> [Task to complete]: Below are entries; output exactly the lines from the one with "To set up parameters" to the one with "今晚給自己蒸了一碗酒糟蒸雞蛋", both included, and nothing else.
Data below:
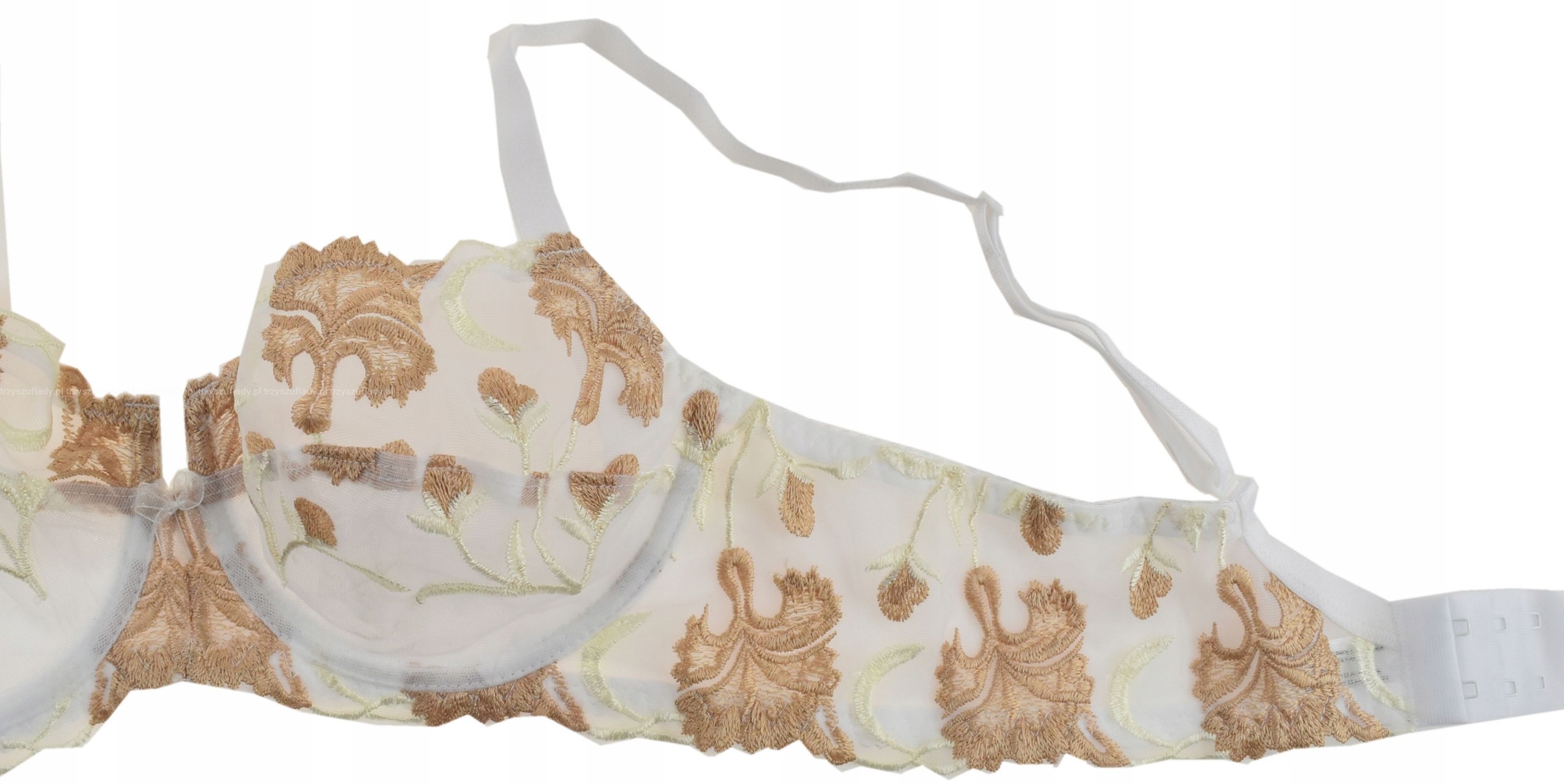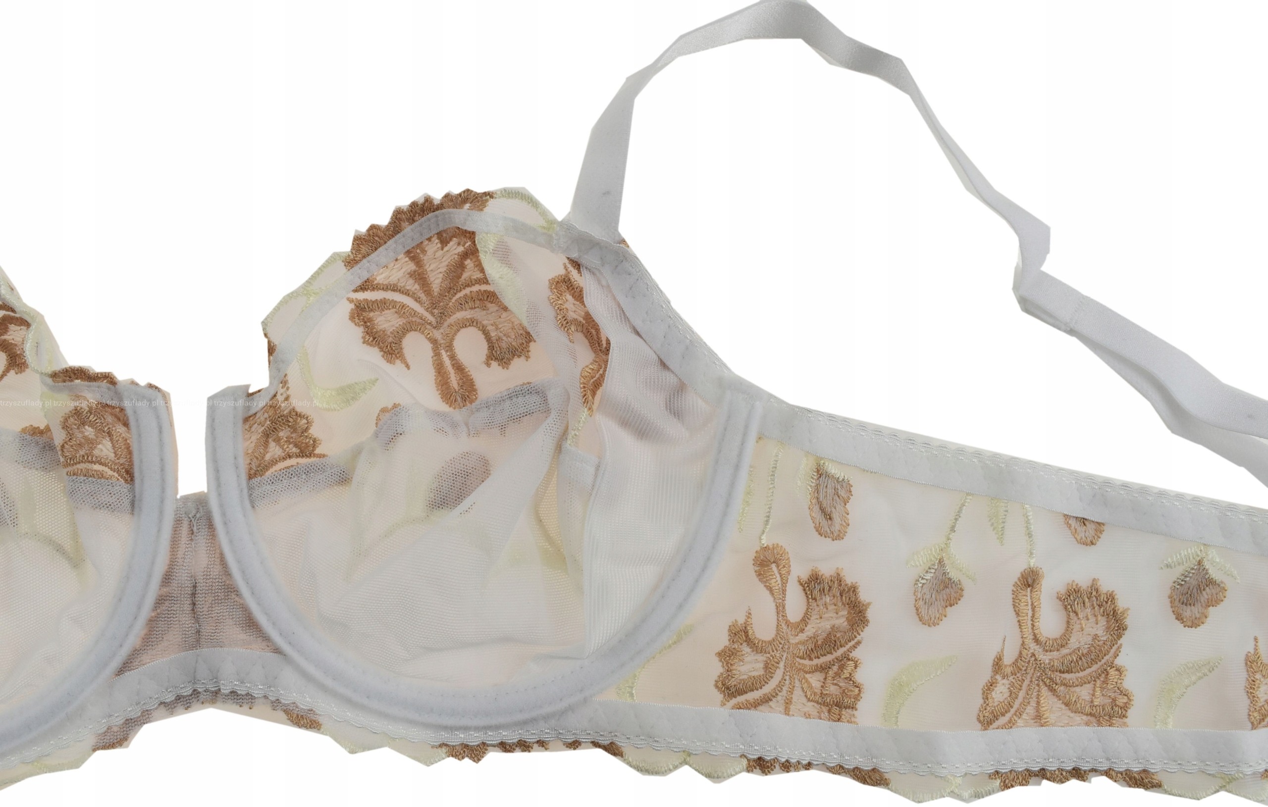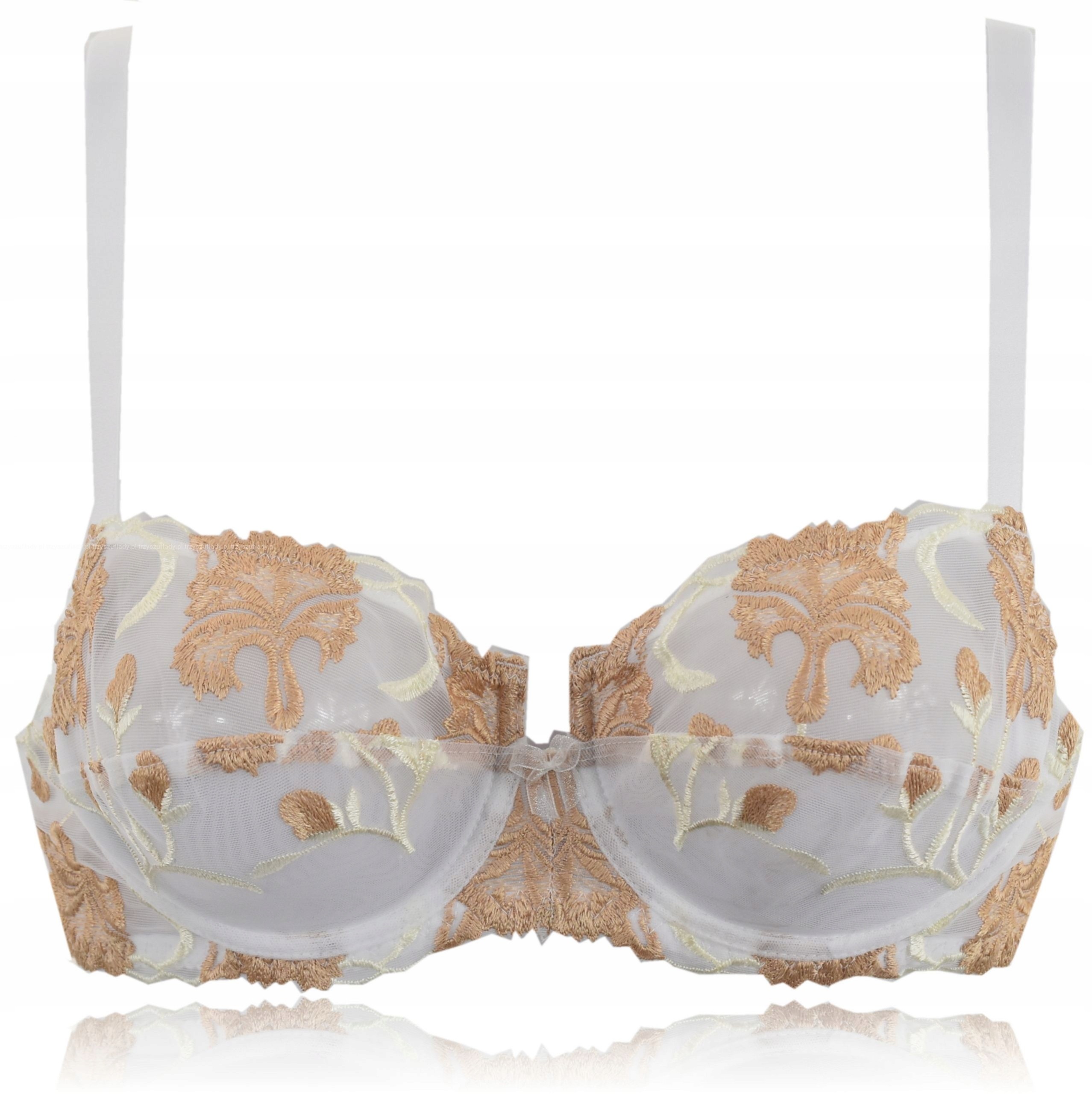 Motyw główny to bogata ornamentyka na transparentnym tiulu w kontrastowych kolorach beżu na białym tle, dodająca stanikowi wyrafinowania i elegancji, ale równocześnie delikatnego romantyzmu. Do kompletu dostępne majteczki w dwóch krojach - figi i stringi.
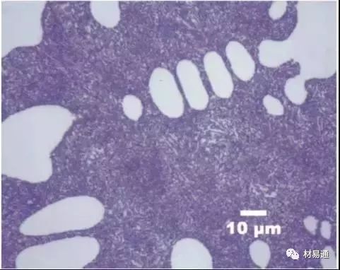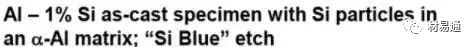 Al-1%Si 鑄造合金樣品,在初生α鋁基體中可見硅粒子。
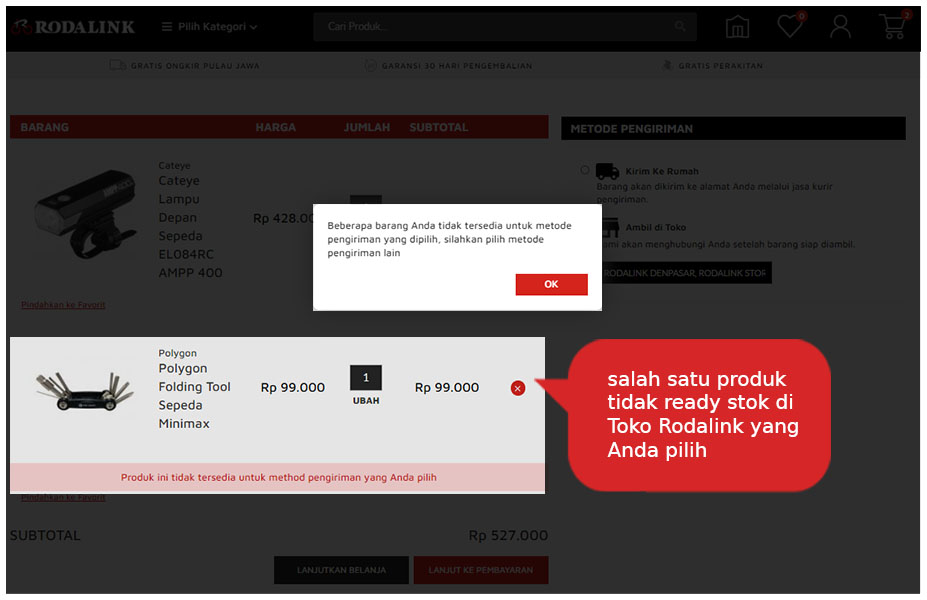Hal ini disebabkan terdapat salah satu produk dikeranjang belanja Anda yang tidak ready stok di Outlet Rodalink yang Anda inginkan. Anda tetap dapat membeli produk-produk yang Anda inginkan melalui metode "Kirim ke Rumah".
End of Data.
Data below:
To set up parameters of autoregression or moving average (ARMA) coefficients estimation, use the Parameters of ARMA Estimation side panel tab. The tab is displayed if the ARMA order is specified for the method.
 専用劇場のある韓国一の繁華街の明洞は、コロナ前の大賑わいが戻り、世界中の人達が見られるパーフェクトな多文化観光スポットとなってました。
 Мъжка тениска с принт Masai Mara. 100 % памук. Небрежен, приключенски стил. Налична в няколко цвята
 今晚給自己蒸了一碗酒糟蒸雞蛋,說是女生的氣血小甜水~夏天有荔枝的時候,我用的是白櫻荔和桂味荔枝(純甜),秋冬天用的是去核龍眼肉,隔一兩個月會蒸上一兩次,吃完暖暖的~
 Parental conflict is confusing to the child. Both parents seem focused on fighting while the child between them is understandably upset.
End of Data.
> [Answer to the exercise]:
To set up parameters of autoregression or moving average (ARMA) coefficients estimation, use the Parameters of ARMA Estimation side panel tab. The tab is displayed if the ARMA order is specified for the method.
 専用劇場のある韓国一の繁華街の明洞は、コロナ前の大賑わいが戻り、世界中の人達が見られるパーフェクトな多文化観光スポットとなってました。
 Мъжка тениска с принт Masai Mara. 100 % памук. Небрежен, приключенски стил. Налична в няколко цвята
 今晚給自己蒸了一碗酒糟蒸雞蛋,說是女生的氣血小甜水~夏天有荔枝的時候,我用的是白櫻荔和桂味荔枝(純甜),秋冬天用的是去核龍眼肉,隔一兩個月會蒸上一兩次,吃完暖暖的~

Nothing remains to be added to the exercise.